> [Task directions]: Pictures aside, return every line below exactly as written.

BEGIN Stored data

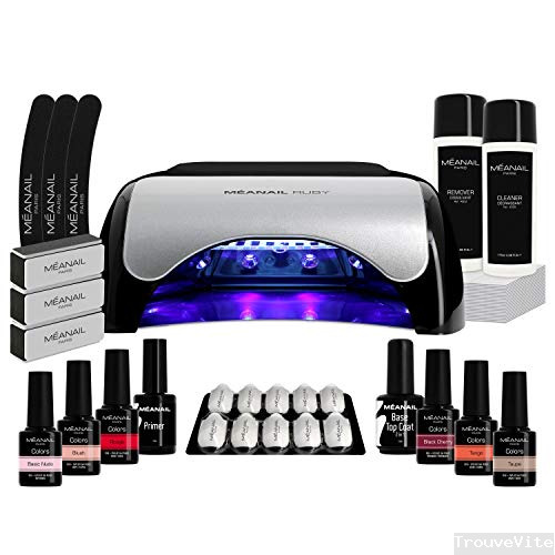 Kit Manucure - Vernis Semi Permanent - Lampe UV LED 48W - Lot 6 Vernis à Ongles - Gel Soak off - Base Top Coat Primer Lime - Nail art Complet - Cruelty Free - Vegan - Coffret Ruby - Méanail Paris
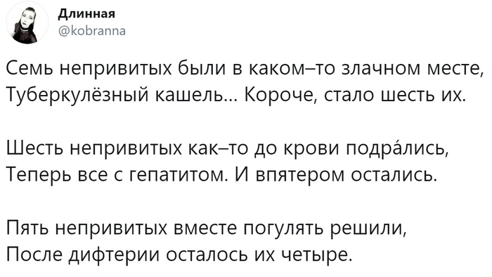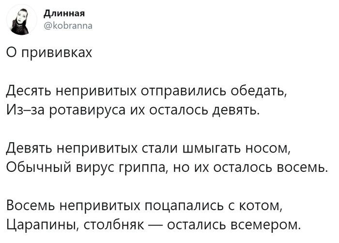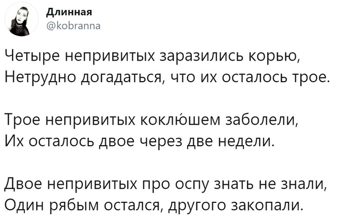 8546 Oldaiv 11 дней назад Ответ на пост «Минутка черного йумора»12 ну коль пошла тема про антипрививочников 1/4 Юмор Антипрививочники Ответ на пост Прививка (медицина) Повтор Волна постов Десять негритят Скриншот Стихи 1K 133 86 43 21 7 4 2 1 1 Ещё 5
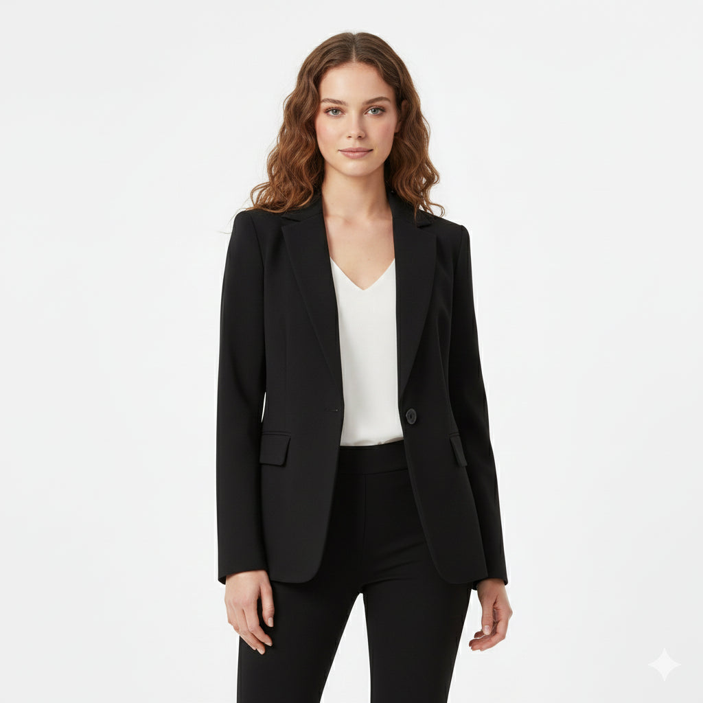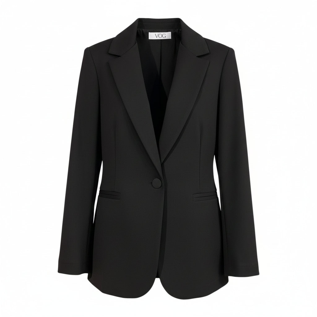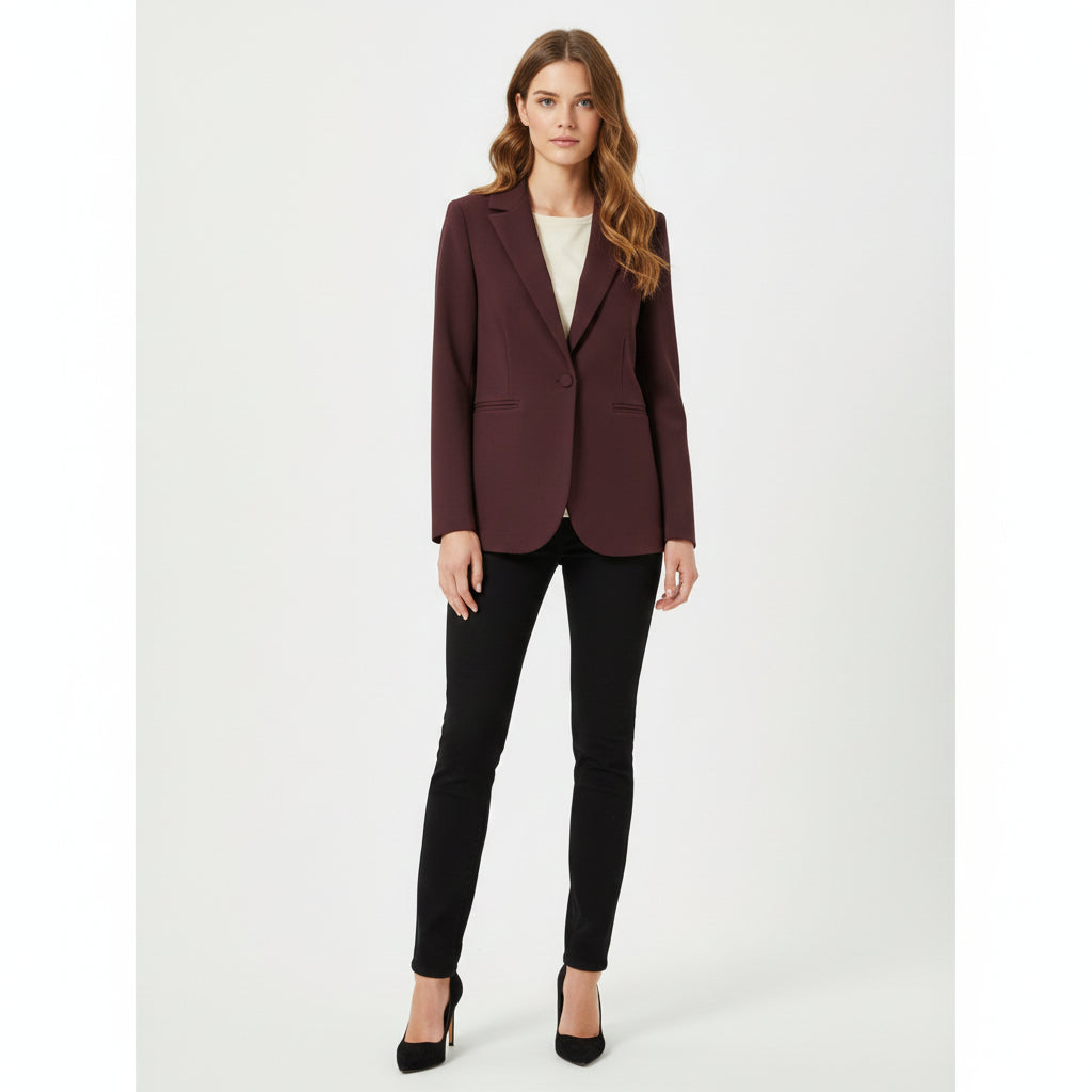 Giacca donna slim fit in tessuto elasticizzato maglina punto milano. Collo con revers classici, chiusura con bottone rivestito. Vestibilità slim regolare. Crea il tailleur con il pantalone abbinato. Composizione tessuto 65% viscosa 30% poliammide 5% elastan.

END Stored data

> [Answer box]:
 Kit Manucure - Vernis Semi Permanent - Lampe UV LED 48W - Lot 6 Vernis à Ongles - Gel Soak off - Base Top Coat Primer Lime - Nail art Complet - Cruelty Free - Vegan - Coffret Ruby - Méanail Paris
 8546 Oldaiv 11 дней назад Ответ на пост «Минутка черного йумора»12 ну коль пошла тема про антипрививочников 1/4 Юмор Антипрививочники Ответ на пост Прививка (медицина) Повтор Волна постов Десять негритят Скриншот Стихи 1K 133 86 43 21 7 4 2 1 1 Ещё 5
 Giacca donna slim fit in tessuto elasticizzato maglina punto milano. Collo con revers classici, chiusura con bottone rivestito. Vestibilità slim regolare. Crea il tailleur con il pantalone abbinato. Composizione tessuto 65% viscosa 30% poliammide 5% elastan.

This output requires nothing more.